There are a few potential causes for this bursting. The most likely is a thread scheduling issue in libsrt, which we have covered before. It could also be an overloaded CPU in the source encoder. Many encoders built around “embedded design” principles have extremely weak CPUs (more on that another day). It could also be the network, but this is unlikely because such bursting would have caused at least some packet loss.
In our SRT implementation we had not expected such extreme bursting and had to rewrite tolerances.
Encryption Key rotation
We also spent substantial time debugging Key Rotation. SRT changes keys after some number of packets and gives you the option to send both keys at the beginning or one key at a time. Only one key at a time actually worked.

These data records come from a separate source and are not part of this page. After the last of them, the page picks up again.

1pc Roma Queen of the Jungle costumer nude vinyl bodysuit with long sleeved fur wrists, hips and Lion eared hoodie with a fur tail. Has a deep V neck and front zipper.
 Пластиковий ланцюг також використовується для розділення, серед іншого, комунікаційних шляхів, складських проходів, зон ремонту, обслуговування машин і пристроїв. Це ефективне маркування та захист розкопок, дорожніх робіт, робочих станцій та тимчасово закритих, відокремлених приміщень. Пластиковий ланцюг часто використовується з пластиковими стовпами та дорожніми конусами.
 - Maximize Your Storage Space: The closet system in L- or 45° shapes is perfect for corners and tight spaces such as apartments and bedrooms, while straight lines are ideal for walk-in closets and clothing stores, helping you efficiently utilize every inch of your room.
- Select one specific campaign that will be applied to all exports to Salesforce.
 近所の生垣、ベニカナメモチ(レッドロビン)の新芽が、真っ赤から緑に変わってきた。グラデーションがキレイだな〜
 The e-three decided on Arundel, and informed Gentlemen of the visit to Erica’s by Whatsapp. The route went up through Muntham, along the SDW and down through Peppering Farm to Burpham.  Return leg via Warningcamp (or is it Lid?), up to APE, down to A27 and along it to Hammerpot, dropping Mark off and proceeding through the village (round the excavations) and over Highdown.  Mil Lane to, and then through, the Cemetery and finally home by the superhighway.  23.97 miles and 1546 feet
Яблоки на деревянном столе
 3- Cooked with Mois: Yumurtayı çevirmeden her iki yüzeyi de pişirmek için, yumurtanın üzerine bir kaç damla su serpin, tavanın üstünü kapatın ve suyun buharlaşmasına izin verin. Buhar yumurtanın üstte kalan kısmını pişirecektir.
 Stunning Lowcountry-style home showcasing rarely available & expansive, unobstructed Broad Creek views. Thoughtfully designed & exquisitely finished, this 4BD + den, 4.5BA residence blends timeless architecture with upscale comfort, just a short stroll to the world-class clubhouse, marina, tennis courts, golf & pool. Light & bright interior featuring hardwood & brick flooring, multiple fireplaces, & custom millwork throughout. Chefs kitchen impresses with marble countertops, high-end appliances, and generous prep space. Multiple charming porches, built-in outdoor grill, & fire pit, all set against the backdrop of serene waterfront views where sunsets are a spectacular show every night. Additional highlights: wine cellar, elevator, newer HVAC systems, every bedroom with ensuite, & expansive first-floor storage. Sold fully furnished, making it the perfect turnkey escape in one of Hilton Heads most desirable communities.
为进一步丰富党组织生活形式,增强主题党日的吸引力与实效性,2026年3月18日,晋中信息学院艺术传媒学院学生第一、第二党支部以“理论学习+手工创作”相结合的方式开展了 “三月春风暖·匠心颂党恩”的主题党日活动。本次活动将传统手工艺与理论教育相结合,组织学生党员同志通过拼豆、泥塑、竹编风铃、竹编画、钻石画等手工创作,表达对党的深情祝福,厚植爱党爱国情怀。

While we did submit a fix that was accepted, we still had to implement the broken behaviour to work with older versions of libsrt.
This was covered in the previous blog post: https://www.obe.tv/why-did-we-write-an-in-house-srt-implementation/
Conclusion
We are asked regularly if our SRT implementation is compatible with Haivision’s libsrt and the answer is that it is compatible all the way down to matching the same bugs. We believe only in house implementations of technologies such as SRT, SDI, ST-2110 give the performance and control needed (and yes, we have implemented 3rd-party related vendor bugs in ST-2110). This is how we can offer the highest reliability in our low-latency encoders and decoders.